Unnamed: 0,post_title,post_content,title_and_content,class
0,Halfway through chemo today!!!,So today marks my last dose of AC chemo before...,Halfway through chemo today!!! So today marks ...,0
1,Textured Implants have been recalled in France...,,Textured Implants have been recalled in France...,0
2,Found this in my bra today. This is my sleep b...,,Found this in my bra today. This is my sleep b...,0
3,Just found out my mom has cancer. Any advice?,I’m not very familiar with breast cancer. She ...,Just found out my mom has cancer. Any advice? ...,0
4,Called to go in for ultrasound,Hi all! Kind of long story so bear with me. Ab...,Called to go in for ultrasound Hi all! Kind of...,0


### 4.2 - Preprocess

In [50]:
# Re-map class column back from binary dummy variable.
# Change the class in the lambda function to match yours
df['class'] = df['class'].apply(lambda x: "breastcancer" if x == 0 else "airquality")
df.head()

Unnamed: 0,post_title,post_content,title_and_content,class
0,Halfway through chemo today!!!,So today marks my last dose of AC chemo before...,Halfway through chemo today!!! So today marks ...,breastcancer
1,Textured Implants have been recalled in France...,,Textured Implants have been recalled in France...,breastcancer
2,Found this in my bra today.
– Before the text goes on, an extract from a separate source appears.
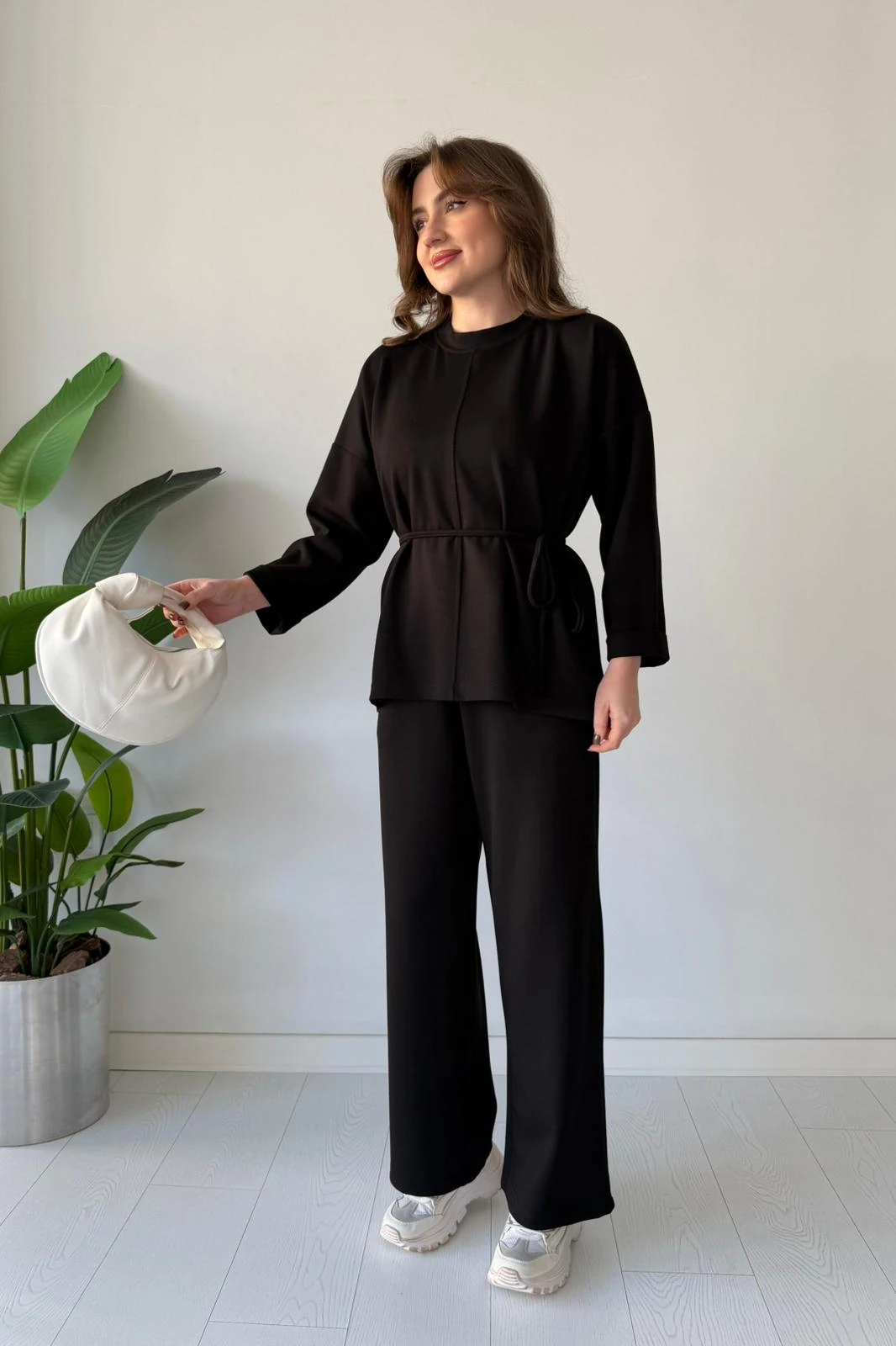 هاد الأنصوبل مصمم خصيصا باش تكوني مرتاحةفالعمل ولا فالخرجات وفدراسة وحتى فالمنزل ولا كتطيبي، هاد اللباس غيعطيك الراحة اللي بغيتي وفنفس الوقت غتبقاي شيك وأنيقة. القماش ديالو ميمتصش العرق ومينشفش بزربة، يعني دايما غتكوني فريش ونضيفة.

This is my sleep b...,,Found this in my bra today. This is my sleep b...,breastcancer
3,Just found out my mom has cancer. Any advice?,I’m not very familiar with breast cancer. She ...,Just found out my mom has cancer. Any advice? ...,breastcancer
4,Called to go in for ultrasound,Hi all! Kind of long story so bear with me. Ab...,Called to go in for ultrasound Hi all! Kind of...,breastcancer


In [51]:
# Count the class
print("Document Count")
print(df.groupby('class')['post_title'].count())
print("Word Count")

Document Count
class
airquality      904
breastcancer    976
Name: post_title, dtype: int64
Word Count


In [52]:
# Tokenize
df.groupby('class').apply(lambda x: x['post_title'].apply(lambda x: len(x.split())).sum())
df['parsed'] = df['post_title'].apply(nlp)
df.head()

Unnamed: 0,post_title,post_content,title_and_content,class,parsed
0,Halfway through chemo today!!!,So today marks my last dose of AC chemo before...,Halfway through chemo today!!! So today marks ...,breastcancer,"(Halfway, through, chemo, today, !, !, !)"
1,Textured Implants have been recalled in France...,,Textured Implants have been recalled in France...,breastcancer,"(Textured, Implants, have, been, recalled, in,..."
2,Found this in my bra today. This is my sleep b...,,Found this in my bra today. This is my sleep b...,breastcancer,"(Found, this, in, my, bra, today, ., This, is,..."
3,Just found out my mom has cancer. Any advice?,I’m not very familiar with breast cancer. She ...,Just found out my mom has cancer. Any advice? ...,breastcancer,"(Just, found, out, my, mom, has, cancer, ., An..."
4,Called to go in for ultrasound,Hi all! Kind of long story so bear with me. Ab...,Called to go in for ultrasound Hi all! Kind of...,breastcancer,"(Called, to, go, in, for, ultrasound)"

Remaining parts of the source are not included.